Bu iki hal de ne garip ne acayip. Şimdi, burada Libya kanaması ile ne kastedildiğini açıklamakla işe başlamalı. Bu kan kaybı, kavgalı taraflar arasındaki son çatışmalarda akan kanlarla sınırlı değil. Toprağa Libyalıların kanını içirip bedenlerini yutturan şey, Kaddafi’nin Fatih Devrimi’nden ve rejiminin ağır toplarından kurtulmanın hemen ardından gerçekleşen 17 Şubat Hareketi’nin liderlerinin gerçekten sadık bir programa dayalı bir orta yol izleme noktasındaki başarısızlığıdır. Bu yolla diğerlerinden önce Libya’nın bugünü koparılmalı ve geleceği geliştirilmeliydi. Devletler veya kabileler hiçbir şekilde Libya’nın çıkarlarının önüne geçirilmemeliydi. Ancak bu gerçekleşmedi. Çünkü içeride kabile ve aşiret bağlılığı ile silahlanmış; dışarıda bölgesel ve uluslararası odaklara alenen sadakatle beslenen ‘ben’i sunma mantığının çarpıklığı, despot Muammer Kaddafi’nin Libya dışında da kurduğu iktidarından sonra ortamı ele geçiren güç oldu.
Acaba Kaddafi rejiminin çöküşünden sonra Trablus’ta sorumluluk noktalarının Libyalı seslere teslim edildiğini duymamızı ne engelliyor ki Libya’nın herhangi bir ülkede bir iktidarın devrilmesinden sonra genellikle meydana gelen boşluğun kurbanı olmadığı konusunda güvence vermek için samimiyetle çalıştıklarını göstersinler? Libyalılar, Albay’ın iktidarının ilk on yılından başlayan ve uzun yıllar süren Kaddafi muhalefetlerinde samimi idiler. Muhalifler arasında Libya Anayasa Birliği (7/10/1981) Kurucusu Muhammed b. Galbun ön saflarda yer alıyordu. Galbun, rejimin kimliği ve şeklinin geleceğine ilişkin şartları sürdürerek Libya bağımsızlık anayasasının (1951) benimsenmesini önermiş ve ardından bir referandumda bunu ortaya sürmüştü. Libya’nın birleşik bir halde kalması şeklindeki belirgin bir hedefi gerçekleştirmek için böyle bir düşüncenin veya benzerinin dikkate alınması yakışık alırdı; kendilerini destekleyen dış odakların keyfine göre çatışan milislerin hüküm sürüp silahlı çatışmaların yaşandığı bir ormana dönüşmesi değil. Muhammed b. Galbun, yazar Hüda el-Hüseyni ile gerçekleştirdiği bir röportajda bu tutumu yönlendiren sağırlık ve Libya’nın iç savaşın bir sonucu olarak şahit olduğu kanama konusunda uyarıda bulunmuştu. ‘Kaddafi’nin politikaları Libyalıları iç savaşın eşiğine sürükledi’ başlığıyla yayımlanan söz konusu röportajın metni Şarku’l Avsat’ın 7/10/1992 tarihli sayısında da yer almaktadır. 17/02/2011 Devrimi’nden 19 yıl önce yapılmış bu uyarı, öncesinde ihmal edildi de sonrasında çok mu dikkate alındı?
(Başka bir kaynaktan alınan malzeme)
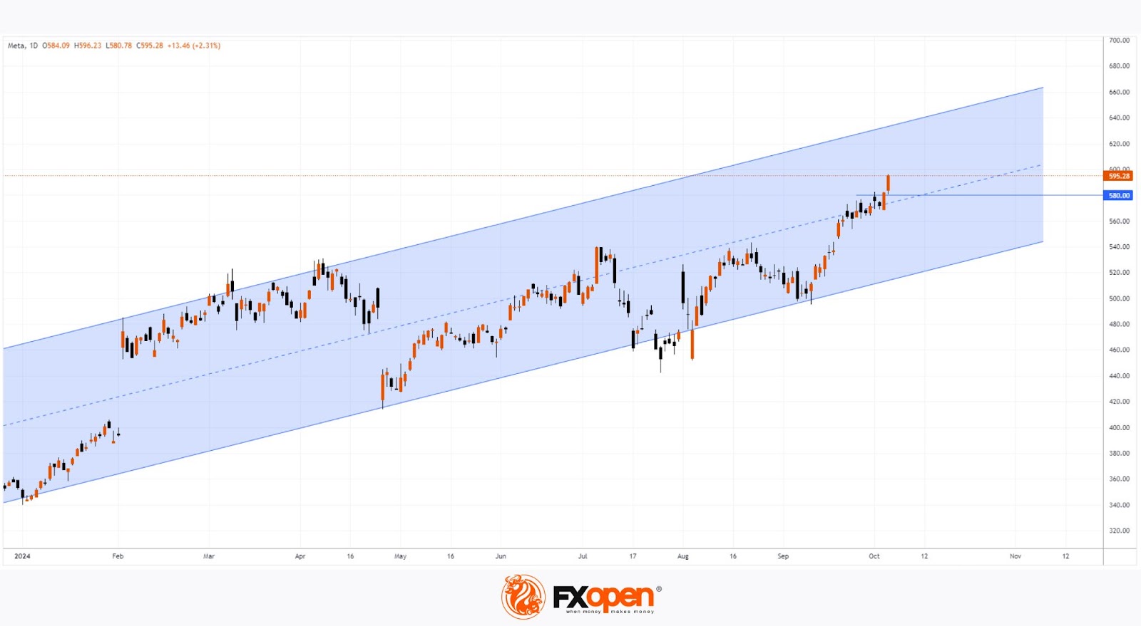 Since then, Meta Platforms’ stock has maintained its upward trend, reaching new all-time highs. The price has surpassed $595 and is now nearing the psychological $600 mark.
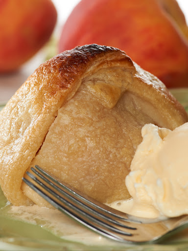 "An apple dumpling is like fall wrapped up in a tart package. These peach dumplings are summer's sensational answer to those autumn treats."—David
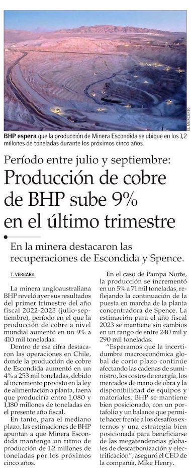 Producción de Escondida sube 4% en el trimestre julio-septiembre - (Pulso)
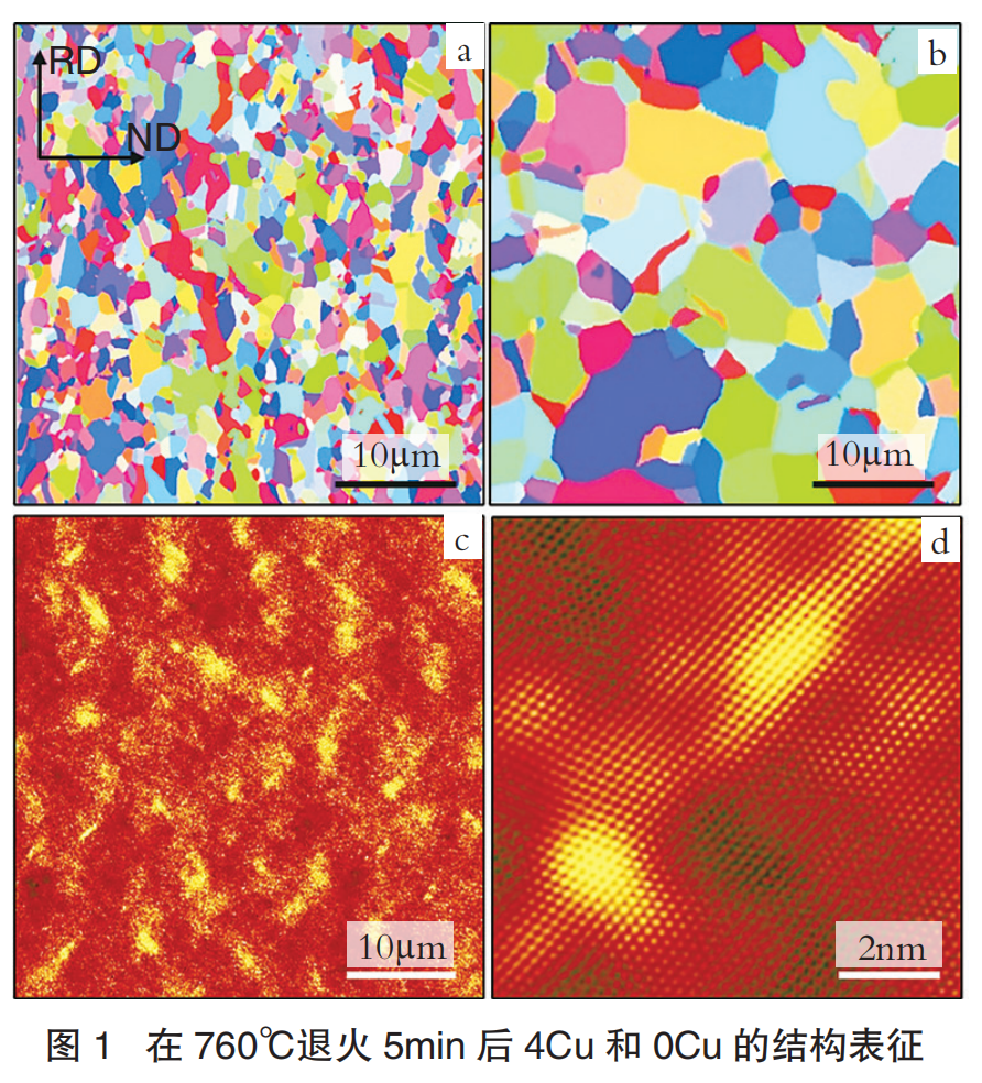 研究人员分别从退火温度和时间两个维度分析了超细晶组织的稳定性。图2a和2b显示,在760℃下保温1h后,4Cu的平均晶粒尺寸仅从5min退火后的0.8µm长大到1.3µm,而0Cu的平均晶粒尺寸从2.1µm增长到了5.7µm。当温度从760℃上升到910℃时,4Cu的平均晶粒尺寸仅从0.8µm长大到1.4µm,超细晶组织极其稳定,而0Cu的平均晶粒尺寸从2.1µm长大到了6.3µm,如图2c和2d所示。以上结果表明,无序共格析出还可以大幅度提高纳米材料、超细晶材料的组织热稳定性。
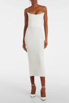 Freda White Strapless Slit Midi Dress
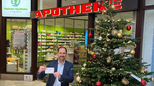 Raphael Felber hat vor seiner Raphael Apotheke in Starnberg in Bayern einen Wunschbaum aufgestellt. In Zusammenarbeit mit mehreren sozialen Einrichtungen erfüllt er gemeinsam mit seinen Kund:innen damit jedes Jahr Kindern und Senior:innen an der Armutsgrenze Weihnachtswünsche.
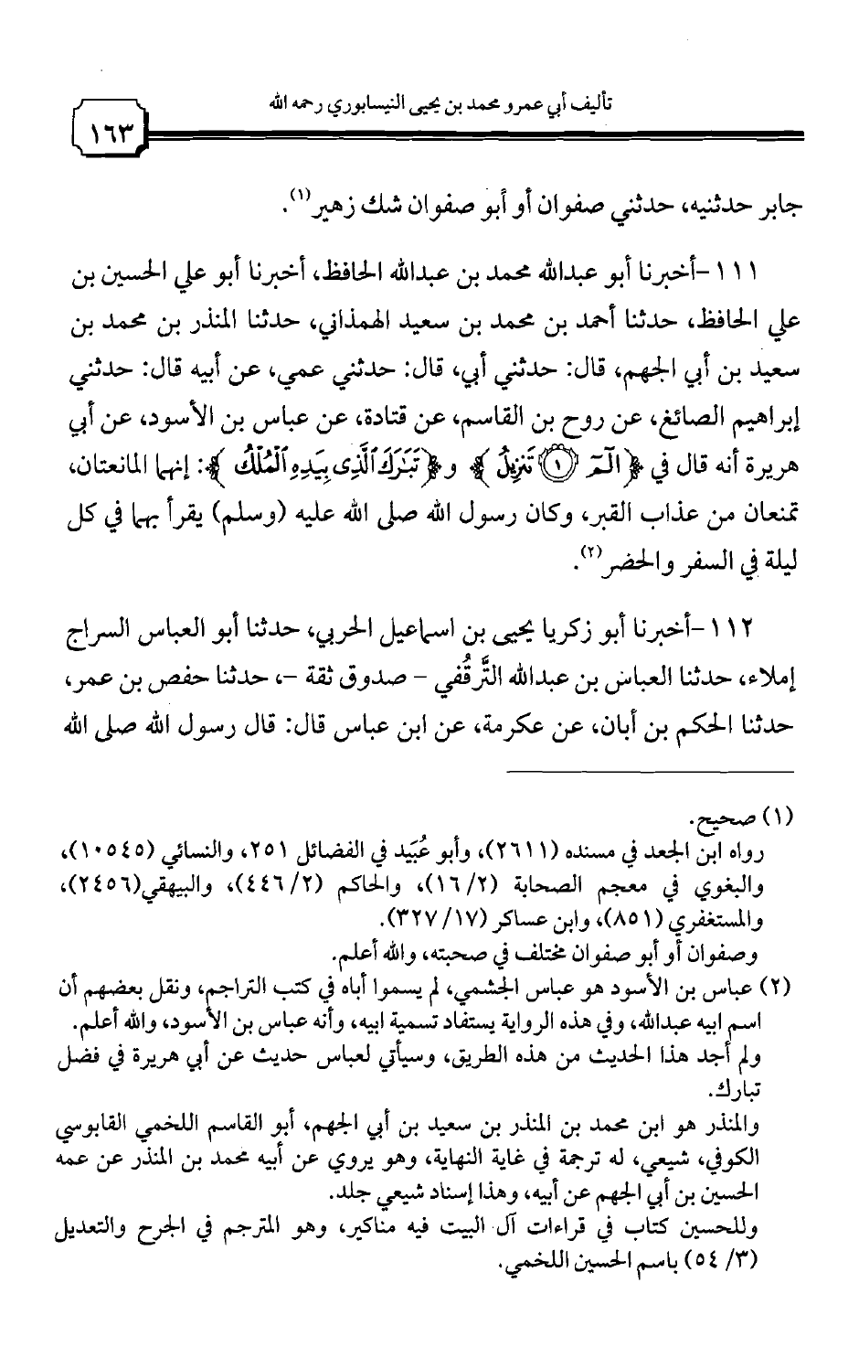 111 - أخبرنا أبو عبد الله محمد بن عبد الله الحافظ، أخبرنا أبو علي الحسين بن علي الحافظ، حدثنا أحمد بن محمد بن سعيد الهمذاني، حدثنا المنذر بن محمد بن سعيد بن أبي الجهم، قال: حدثني أبي، قال: حدثني عمي، عن أبيه قال: حدثني إبراهيم الصائغ، عن روح بن القاسم، عن قتادة، عن عباس بن الأسود، عن أبي هريرة أنه قال في {الم (1) تنزيل} و {تبارك الذي بيده الملك}: إنهما المانعتان، تمنعان من عذاب القبر، وكان رسول الله صلى الله عليه وسلم يقرأ بهما في كل ليلة في السفر والحضر.
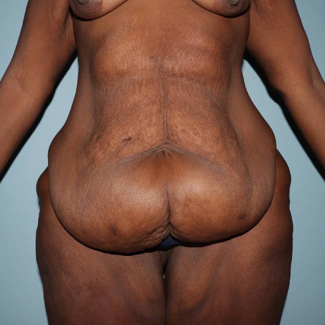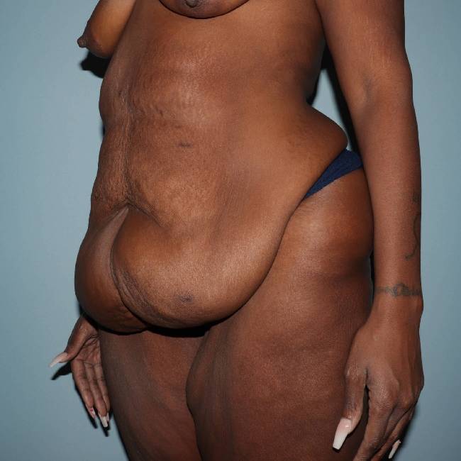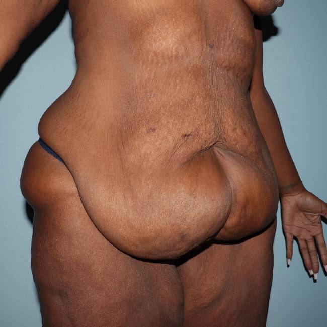 Weight loss surgery can result in massive amounts of weight loss. This 36-year-old woman had bariatric surgery several years ago. At one time, she was well over 400 pounds. She lost over 200 pounds. She presented to Dr. Lyle with a desire to improve her abdominal pannus and loose skin around the hips. At that time, she weighed just over 200 pounds. She lost an additional 15 pounds prior to her surgery.

Geçtiğimiz Pazartesi, Londra’daki Daily Telegraph gazetesi, sekiz sütun yer kaplayan başlıkla yayımlanan yazıda şunu söyledi: Rezalet, Brexit başarısızlığı değil onu istememiş olmamızdır. Bu söz, AB’den çıkış planını protesto etmek amacıyla Theresa May hükümetinden istifa eden Dışişleri Bakanı Boris Johnson’un gazete için kaleme aldığı makaleden alıntıdır. Johnson, Brexit ekibinin İngiltere’yi Avrupa Birliği’nden çıkarma hedefine ulaşamaması ihtimalini ‘rezalet’ olarak niteliyor. Hem de 2016 referandum zaferi üzerinden yalnızca 2 yıl geçmişken. Acaba 7 yıldan fazladır devam eden iç savaşın takım liderlerinin Libya’nın da aralarında yer aldığı Arap dairesi dışında kendi ülkelerine ve halklarına yaptıklarını ne şekilde isimlendiriyor?